I’ll tell you the overkill way to do it

I used persistent segment trees to get (sum, product mod, xor) of first k numbers in a range if the range were to be sorted. Basically, I was using this triplet (sum, product mod, xor) as a unique hash for n numbers, having this hash, I binary searched index in the query range(as both ranges in a query have equal length) and at each mid I compared left part hash (1 to mid - 1) and right part hash(mid + 1 to b - a + 1) of both ranges, if comparison is not equal mismatch is incremented and search continues till mismatch <= 1.

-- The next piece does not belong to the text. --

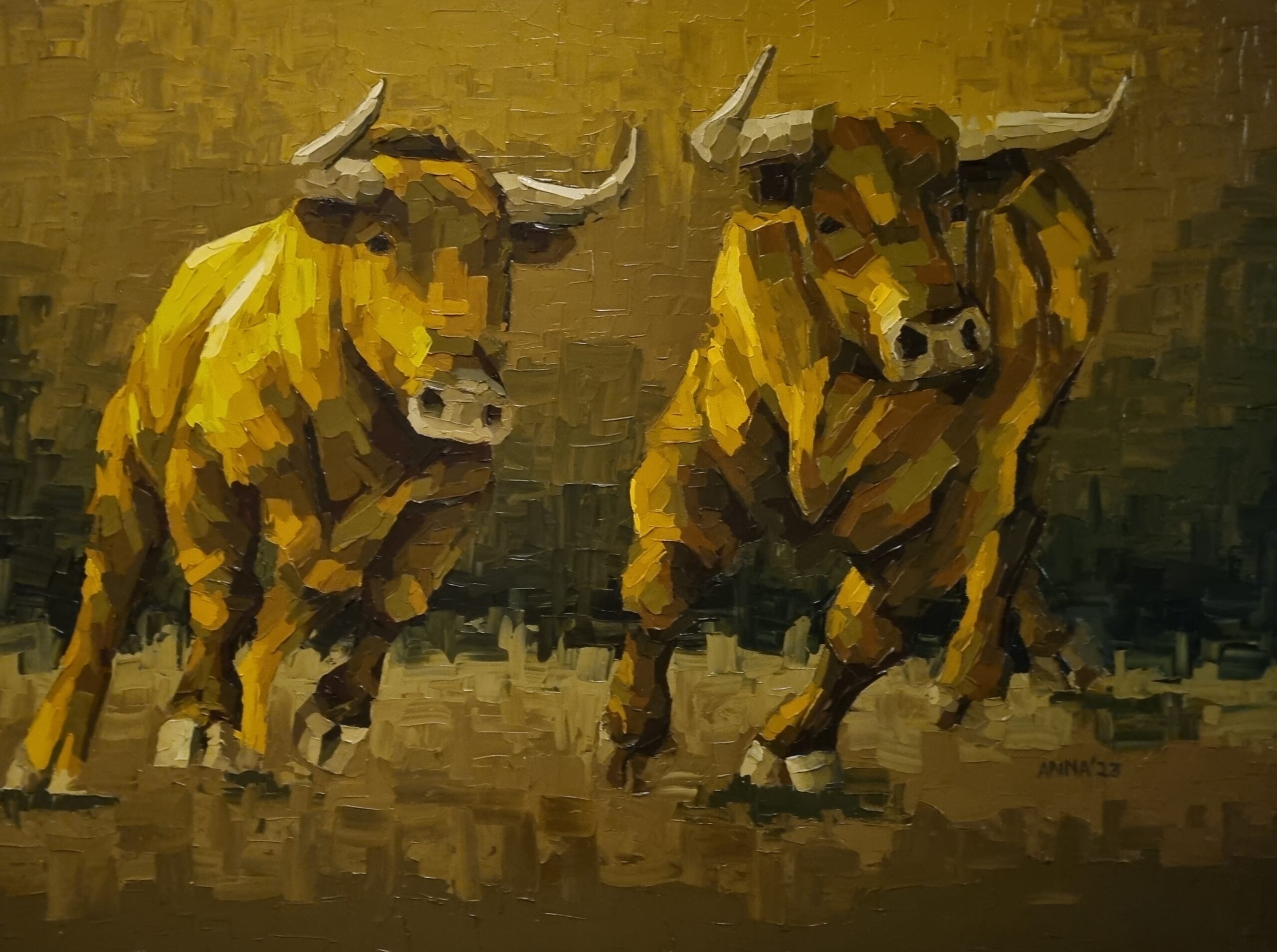 Anna’s work is a celebration of the bull. The form of the bull has always fascinated her with its curious mixture of danger, power, and passivity. Her endeavor is to bring out the sheer masculinity of the bull, its play of muscles and its aggressive and imperious body language, using bold strokes and colors.

I modified the famous Spoj’s MKTHNUM problem’s persistent segment tree solution to get the kth number and this hash triplet as well, as sum, product and xor are associative and commutative, I can get hash for subrange l to r in query range by performing subtraction, inverse multiplication and xor each on query®, query(l-1)

Complexity was O((N + Q)logNlogNlogN) with a very high constant, but by lowering the mod value and precalculating the modular inverses, I got it down to O((N + Q)logNlogN) which barely passed after a lot of optimisation

My solution for 30pts:

- Mapping pair<number, count> to a value of [1…n].
- Use Mo’s algorithm to sort all query
- Compress n (max 10^5) value to array 1564. Each value of mapping (1), we can use as one bit.
- Each query just compare those bit

My solution

@bansal1232 taking modulus is just a way of mapping the number, I mean you could take mod with any prime number. for example, 1 is mapped to 1, 2 is mapped to 2 3 is mapped to 0 and so on. And when we sum the range if the sums are not closed than 3 we can simply discard them.

I actually have similar solution with you mate, except I used hashing (P^i * a[i]) to check for similarity, same with persistent tree. Used two primes for hashing to lessen clash, see my solution

A very intuitive and nice solution is as follow:

First let us make a prefix sum , sum of squares, sum of 3/2 powers and denote them by sum,sum2,sum3/2 respectively. Now when these three are equal for a given l1,r1,l2,r2 i.e (sum[r1]-sum[l1-1]==sum[r2]-sum[l2-1] )&&(sum2[r1]-sum2[l1-1]==sum2[r2]-sum2[l2-1] )&&(sum3/2[r1]-sum3/2[l1-1]==sum3/2[r2]-sum3/2[l2-1] ) then ans is YES.

Else, Let us assume EXACTLY one mismatch.Now find the values of the mismatched elements(let them be a in [l1,r1] and b in [l2,r2]).These can be calculated using the sum and sum of square equations.Now if our assumption is corrct(of exactly one mismatched element) then a and b must come out to be integers and also they must satisfy the sum3/2 equation.Also they must share atleast one common index in both the ranges(Think why!).This can be checked using any suitable method.If these conditions are ture ans is YES.Else ans is NO.

But how could you able to avoid collision? And what will happen if I assume any other number rather than 3?